I mean, you technically probably could relay the challenge and response to a SASL NTLM bind, but that's practically the same kind of "NTLM Relay Attack" that your security team usually wants to prevent from happening. If the necessary hardening options have been enabled, the NTLM response will be issued for a specific service SPN and will be rejected by the LDAP server. So even if it's possible in theory, it would be very unwise to rely on it continuing to be possible (even more so than using NTLM in the first place).
Yes, but doing so requires an existing "Netlogon secure channel", and that requires a machine account.

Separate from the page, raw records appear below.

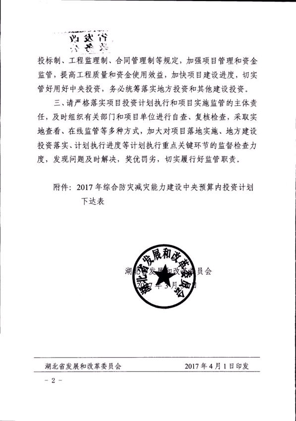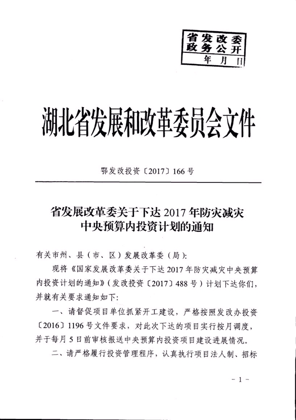 省發(fā)改委關(guān)于下達(dá)2017年防災(zāi)減災(zāi)中央預(yù)算內(nèi)投資計(jì)劃的通知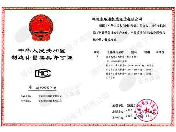 2015年計量器具生產許可證-混凝土、瀝青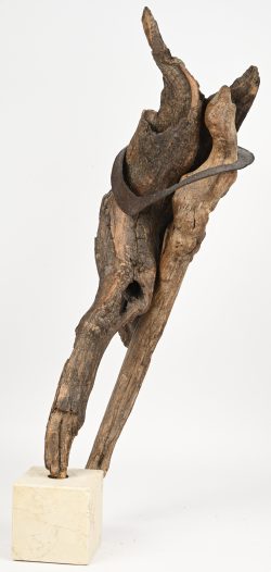 "Abstract wooden figures with metal. Sculpture."No longer availableDim. h 66 cmEstimate: € 80 / 120 -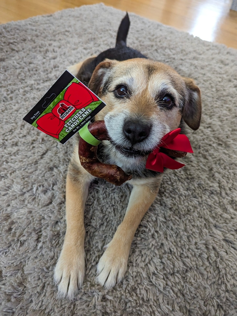 The bow is included in the Redbarn Holiday Fetchers Candy Cane Dog Treat.

The usual way of doing this is to install Samba (specifically the Winbind component) and literally join the web server to the domain (which is what establishes the Netlogon channel), at which point you'll be able to use the
ntlm_authCLI tool to validate NTLM challenges in the "official" way, by having Winbind relay them to the DC via the Netlogon protocol.(You don't actually need to install the "user authentication" parts (pam_winbind/nsswitch) on your webserver, in case you're worried about users SSHing into the server; you only need the daemon.)
However, I would very strongly recommend against doing anything that involves NTLM. You have Active Directory, and Active Directory has had Kerberos since 2000. HTTP supports Kerberos authentication just as it does with NTLM, and you don't even need to roll it yourself – all you need is the mod_auth_gssapi Apache module (or the older mod_auth_kerb) and a keytab, and the web server will do all the work; you can just pick up the username from
$_SERVER["REMOTE_USER"]in the PHP script.(Validation of a Kerberos ticket doesn't even to contact the KDC, nor have any service running nor a special privileged channel; just a keytab containing the password for the webapp's service user account.)